Could you retype exactly the lines below between the one holding "会议最后,陈钦腾书记对本次会" and the one holding "500ccスプレーボトルで、200ppmだと山盛り1杯だけでできます。", inclusive, leaving out any pictures?

----- Supplied material

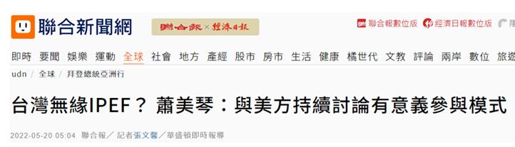 據報道,拜登將在東京與日本首相岸田文雄共同宣佈啓動“印太經濟框架”,美方稱,屆時會有亞洲國家領導人視頻參會。這是拜登政府推動的首個區域經濟架構,台灣已爭取多時,但美方迄今未公開點頭同意;蕭美琴在媒體詢問時回應稱,台灣目前並未受邀參加相關宣佈儀式。
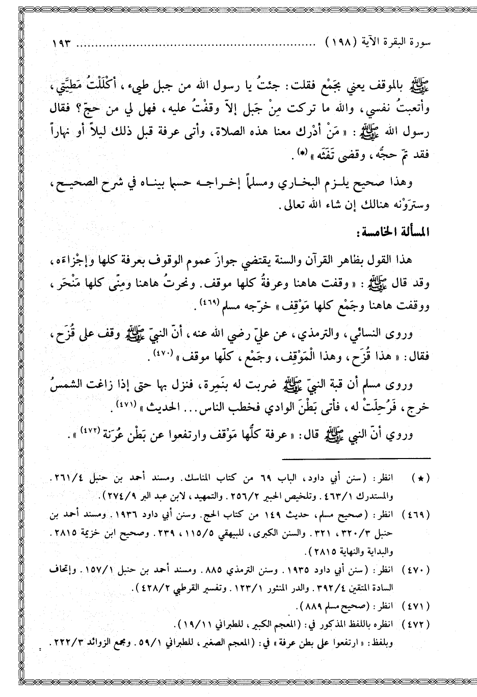 الْمَسْأَلَةُ الْخَامِسَةُ: هَذَا الْقَوْلُ بِظَاهِرِ الْقُرْآنِ وَالسُّنَّةِ يَقْتَضِي جَوَازَ عُمُومِ الْوُقُوفِ بِعَرَفَةَ كُلِّهَا وَإِجْزَاءَهُ، وَقَدْ «قَالَ - صَلَّى اللَّهُ عَلَيْهِ وَسَلَّمَ -: وَقَفْت هَاهُنَا وَعَرَفَةُ كُلُّهَا مَوْقِفٌ. وَنَحَرْت هَاهُنَا وَمِنًى كُلُّهَا مَنْحَرٌ، وَوَقَفْت هَاهُنَا وَجَمْعٌ كُلُّهَا مَوْقِفٌ» خَرَّجَهُ مُسْلِمٌ.
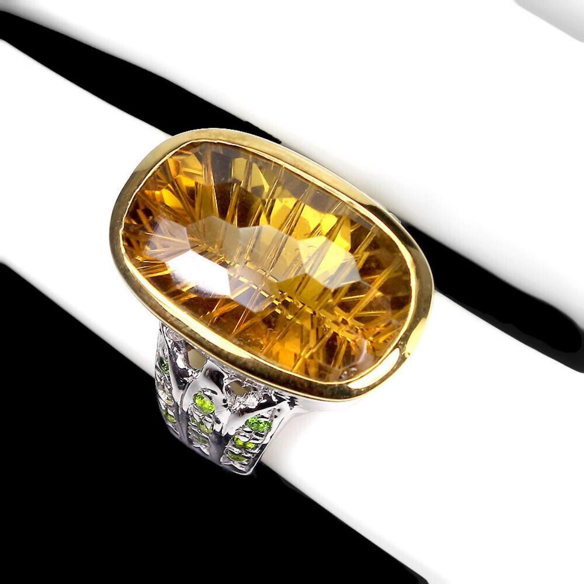 925 STERLING SILVER;PLATE-2-TONE WHITE & YELLOW 14K GOLD;RING SIZE-7(RESIZABLE);MAIN STONE-CITRINE;OTHER GEMS-CHROME DIOPSIDE;TOTAL WEIGHT-13.35 GRAM (TOTAL WEIGHT OF SILVER + STONE);DIMENSION-* STONE 1.5 TO 20.0 X 13.0 MM.* RING SIZE 7.0* FACE RING 22.0 X 21.0 MM.;MAIN STONE SHAPE-CUSHION; MAIN STONE COLOR-YELLOW;CLARITY/GRADE-IF;TREATMENT-UNHEATED;ORIGIN-BRAZIL;
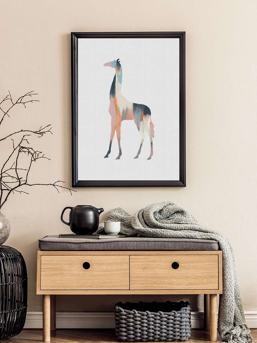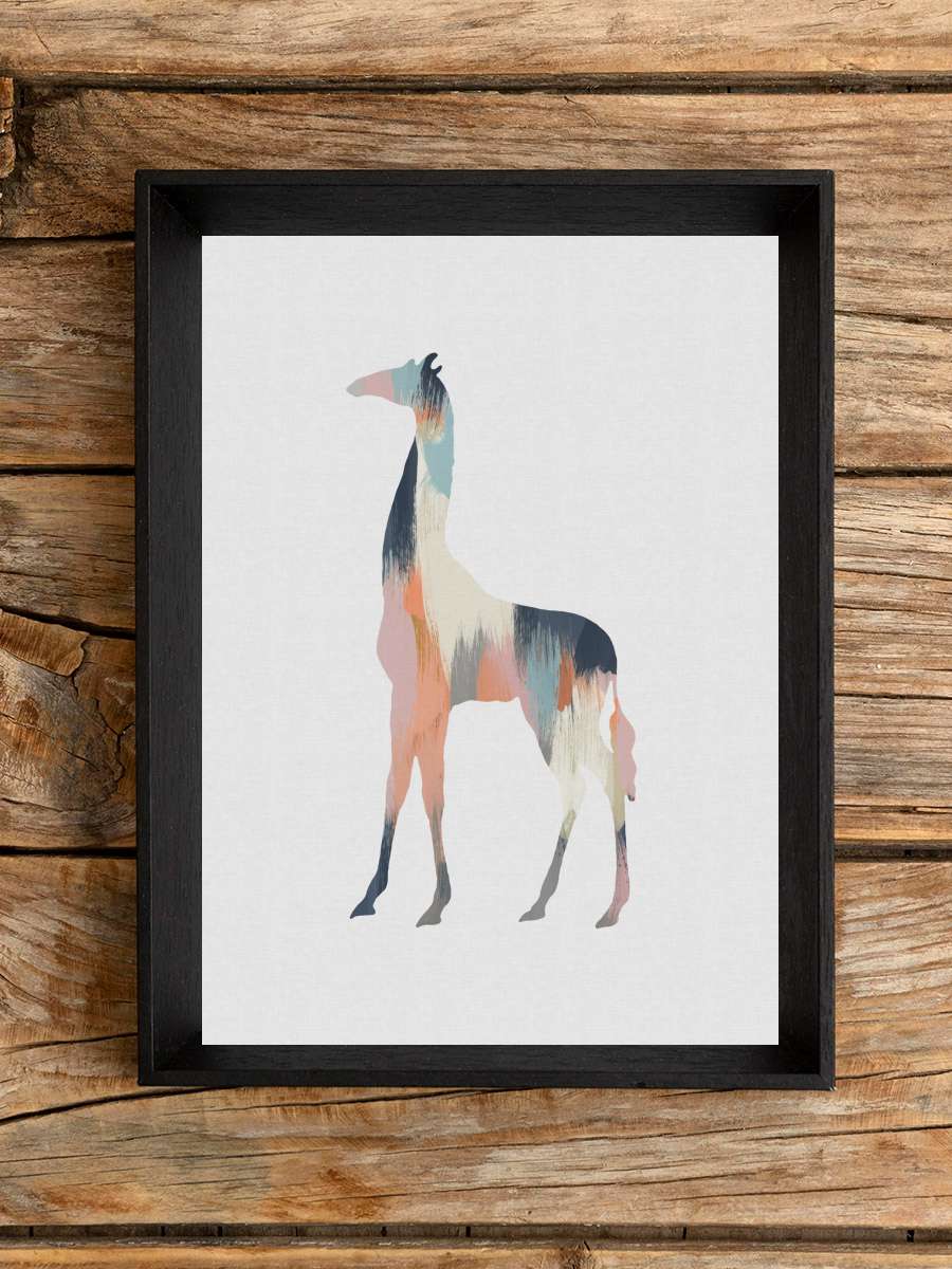 Pastel Giraffe Çocuk Odası Tablo Siyah Çerçeveli Poster Çocuk Bebek Odası Duvar Tablo
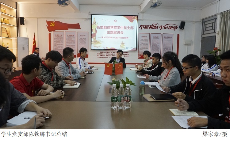会议最后,陈钦腾书记对本次会议做出总结,他强调:我们正处于中国特色社会主义的新时代,一定要坚持党的领导,紧跟党的步伐。并借此向同学们提出建议,不仅要认真学习党的十九届六中全会精神,还要将全会精神内化于心,外践于行,做一个德智体美全面发展的大学生。
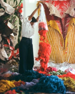 Nous discutons sur Zoom, par un après-midi ensoleillé d’automne. Je suis à Toronto, et elle, dans l’un de ses trois studios à Manhattan. En parlant de son travail, elle est impatiente de me montrer les photos de ses dernières expositions et s’arrête sur une fresque murale colorée composée de tissu, de laine brute et de fils qui pendent. Proche du centre se trouve une forme ovale, prise dans un réseau de fils nervuré. « Je suis attirée par les formes abstraites qui peuvent être interprétées de plusieurs façons : il peut s’agir d’une fleur carnivore ou bien d’un globe oculaire », dit-elle en souriant. « Mon travail explore notre relation avec ce qui est indomptable. Je pense que cela reflète un aspect de la nature qui est féroce, séduisant, et qui, d’une certaine manière, reflète la nature humaine.
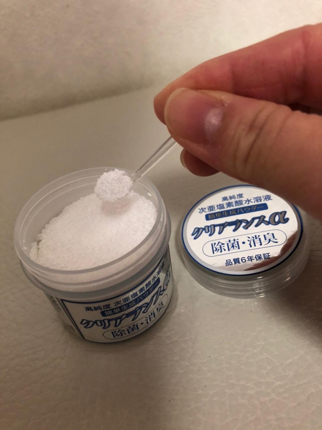 500ccスプレーボトルで、200ppmだと山盛り1杯だけでできます。
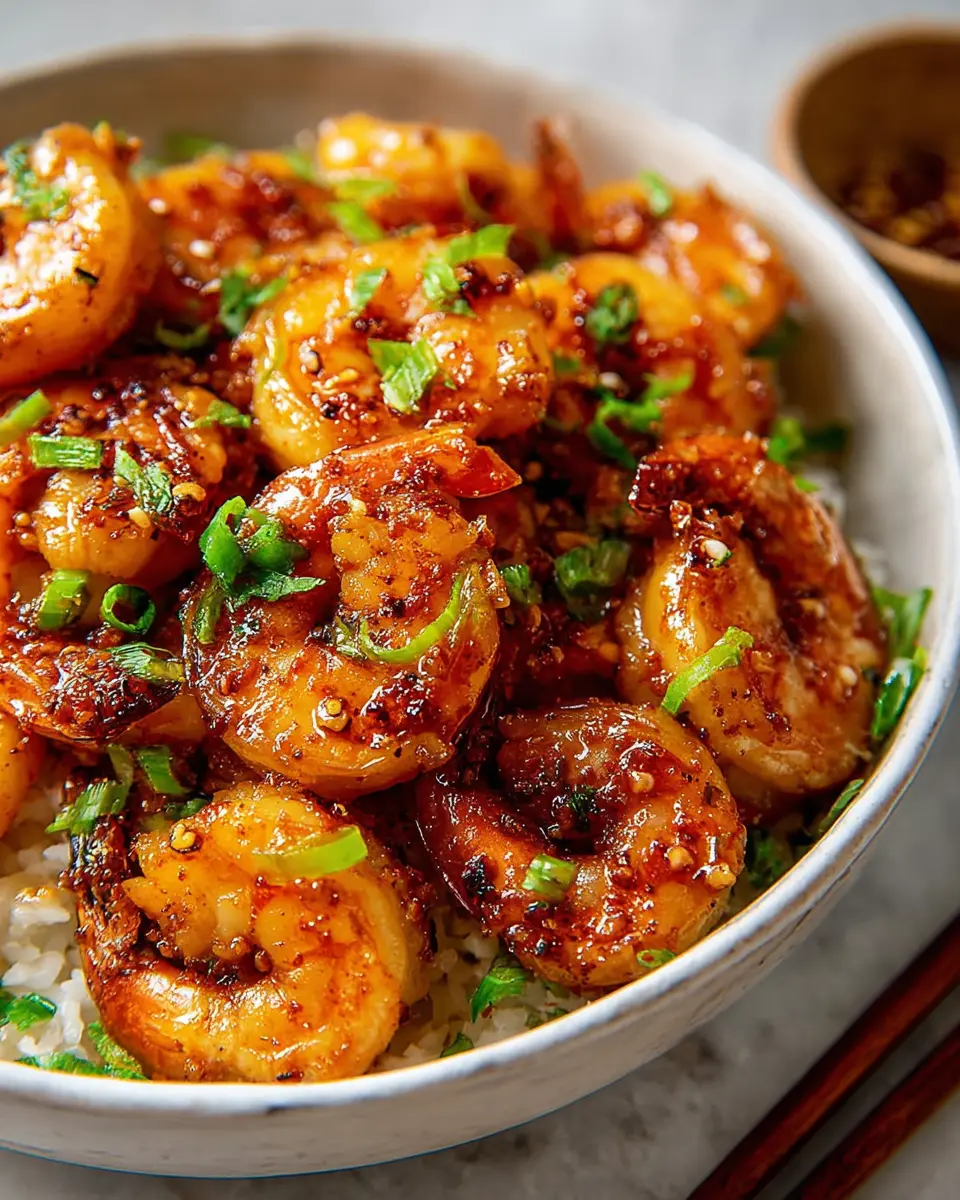 Now comes the magic! Pour the honey over the cooked shrimp and toss gently to coat evenly. If you’re feeling adventurous, sprinkle in some chili flakes for an extra kick. Once coated, remove the pan from heat and serve immediately. Garnish with sliced green onions, and watch as your minute honey garlic shrimp disappears off the plate!

----------

Response area.
会议最后,陈钦腾书记对本次会议做出总结,他强调:我们正处于中国特色社会主义的新时代,一定要坚持党的领导,紧跟党的步伐。并借此向同学们提出建议,不仅要认真学习党的十九届六中全会精神,还要将全会精神内化于心,外践于行,做一个德智体美全面发展的大学生。
 Nous discutons sur Zoom, par un après-midi ensoleillé d’automne. Je suis à Toronto, et elle, dans l’un de ses trois studios à Manhattan. En parlant de son travail, elle est impatiente de me montrer les photos de ses dernières expositions et s’arrête sur une fresque murale colorée composée de tissu, de laine brute et de fils qui pendent. Proche du centre se trouve une forme ovale, prise dans un réseau de fils nervuré. « Je suis attirée par les formes abstraites qui peuvent être interprétées de plusieurs façons : il peut s’agir d’une fleur carnivore ou bien d’un globe oculaire », dit-elle en souriant. « Mon travail explore notre relation avec ce qui est indomptable. Je pense que cela reflète un aspect de la nature qui est féroce, séduisant, et qui, d’une certaine manière, reflète la nature humaine.
 500ccスプレーボトルで、200ppmだと山盛り1杯だけでできます。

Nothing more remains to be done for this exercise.